During the study period, a total of 3,000 patients were diagnosed with vitiligo at our center; their clinical characteristics are detailed in Table 1. Of these, 1,755 (58.5%) were male and, 1,245 (41.5%) were female, with a male-to-female ratio of 1.4:1. The average age of onset was 35.3±21.0 years. Mean duration of disease was 5.8±8.2 years. A family history of vitiligo (n=182; 6.1%) was less common. The majority of patients had nonsegmental vitiligo (n=2,290; 76.3%), with acrofacial vitiligo (n=912; 30.4%) being the most common subtype, followed by vitiligo vulgaris (23.7%). On the other hand, segmental vitiligo (n=631; 21.0%) was a less common form in our study. The most common lesion site was the face (54.3%), followed by the chest and abdomen (31.5%), hands (7.5%), and neck (6.7%). Topical corticosteroids were used by 40.2 percent of the patients; topical vitamin D3 derivatives (26.3%), topical calcineurin inhibitors (15.5%), and topical psoralen (18%) were also used, respectively. Atopic dermatitis was the most common comorbidity, affecting 5.8 percent of cases, followed by hypothyroidism (2.7%), hyperthyroidism (0.7%), and alopecia areata (0.5%). Halo nevi, koebnerization, and leucotrichia were rare and occurred in less than five percent of our study population.
Treatment responses are detailed in Table 2. Among 3,000 patients, 1,996 were treated with phototherapy and the remaining 1,004 patients were treated with topical monotherapy. The efficacy of phototherapy was superior to that of topical monotherapy, with marked response rates of 47.8 and 8.7 percent, respectively (P<0.001). There were statistically significant differences in the therapeutic response to phototherapy based on disease subtype (P<0.001); recorded marked response rates were 9.8 percent (segmental), 4.8 percent (acrofacial), 19.1 percent (focal), and 18.2 percent (vulgaris). Among the 1,996 patients who received phototherapy, 367, 978, and 651 patients were treated with PUVA, NBUVB, and excimer laser therapy, respectively. The mean numbers of irradiations performed using each modality were 23.1, 25, and 38.7, respectively. Of those treated with PUVA, 33.8 percent showed marked responses, while 18.8 percent of those treated with NBUVB and 10 percent of those treated with excimer laser therapy showed marked improvement. Consequently, the marked response rate to PUVA (42.9%) was significantly higher relative to that of non-PUVA phototherapy (15.3%; P<0.001).

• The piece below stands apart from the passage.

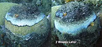 - ↑ Richardson, L.L; R.G. Carlson (1993). "Behavioral and chemical aspects of Black Band disease of corals: An in situ field and laboratory study". In: Heine and Crane (Eds). Diving for Science...1993. Proceedings of the 13th Annual Scientific Diving Symposium. American Academy of Underwater Sciences: 107–116. Archived from the original on September 20, 2013. Retrieved 2013-09-20.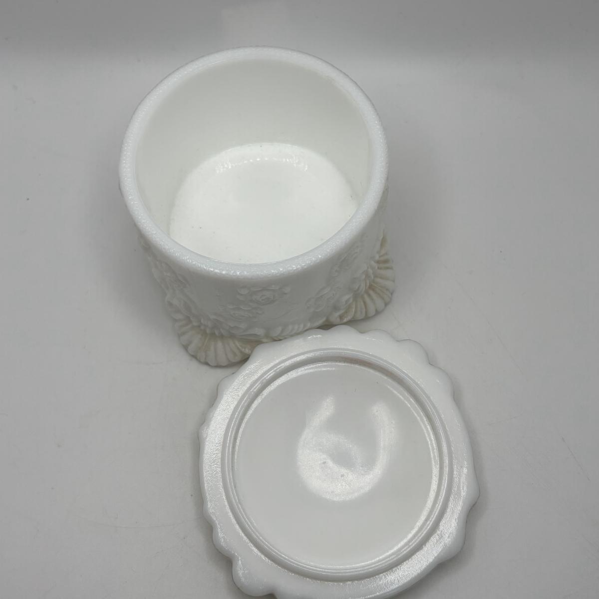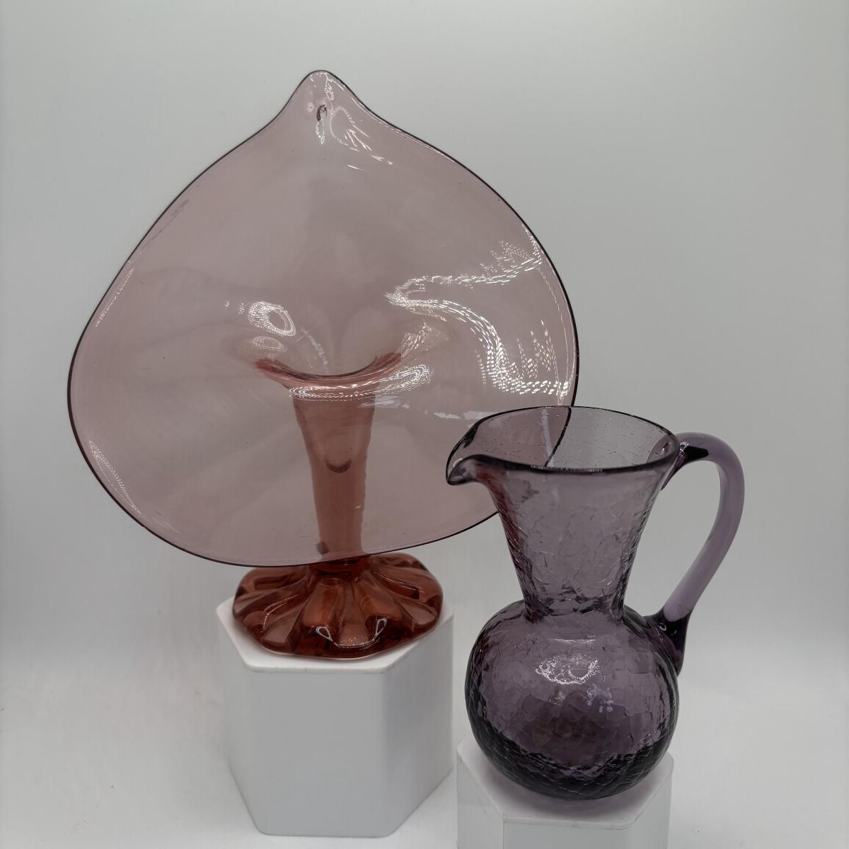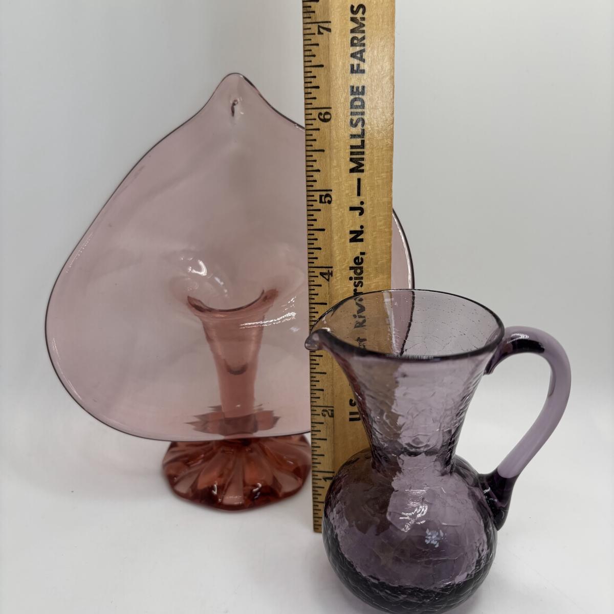 LOT 253: Hand Painted Trinket Dish, Purple Pitcher Plant Vase, Painted Milk Glass Trinket Box & More

Some previously reported studies have hypothesized that the concomitant use of topical medicine with phototherapy may improve the therapeutic outcome.6,7 For that reason, we kept one question in mind: is the administration of topical therapy, along with phototherapy, capable of improving therapeutic outcomes in this study population? Therefore, among the 1,996 patients treated with phototherapy, 1,083 patients received topical therapies as well, while the remaining 913 patients received just phototherapy. Concomitant use of phototherapy and topical ointment showed significantly higher treatment efficacy relative to topical monotherapy and also appeared to be more effective than phototherapy alone (marked response: 23.4% vs. 8.7%; P<0.001 and 23.4% vs. 7.3%; P<0.001).

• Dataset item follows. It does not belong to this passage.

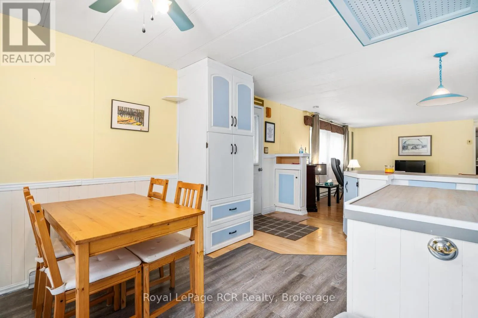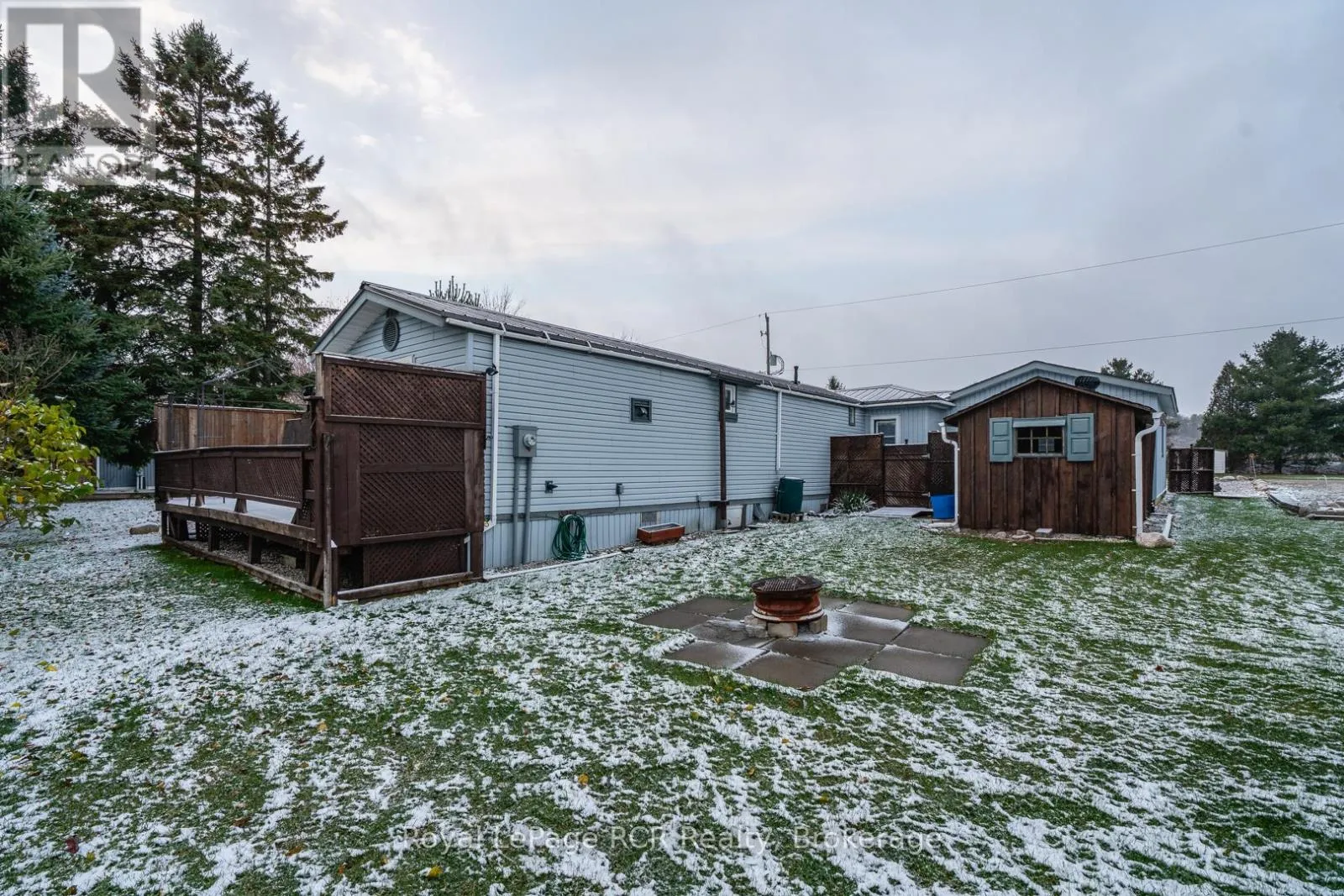 Cross Streets: Concession 4. ** Directions: From lights in Mildmay, head west on Absalom Street. At T, turn left (south) on Bismarck and proceed to concession 4. Turn left (east) and proceed to 230. Go up laneway to unit 3. Affordable two-bedroom mobile home with attached garage, set on a peaceful lot overlooking a pond, forest and open fields. Features include a peaked steel roof, a bright and open-concept kitchen/living area with a new sliding door (2024) leading to the back deck where you can relax and enjoy the view, 200 amp service, full appliance package, two garden sheds, several outdoor sitting areas, lots of storage, generator plus hook up, plus immediate possession available. Furniture negotiable. Located on a quiet road, just minutes from the charming community of Mildmay. Must have park approval for leased land, mostly seniors in the community. Very reasonable rate of $150 monthly for snow removal on road, water (community well) and lease. Steel roof approx 2023 and shingled roof on garage within 5 years approx. (id:27476)

During the study period, only mild adverse reactions were observed and no patients discontinued treatment. When higher joules of excimer light were applied, blistering occurred in about 10.1 percent of patients, whereas, skin irritations and itching occurred in approximately 15.3 percent of patients receiving PUVA. No adverse reactions were observed in the NBUVB treatment group.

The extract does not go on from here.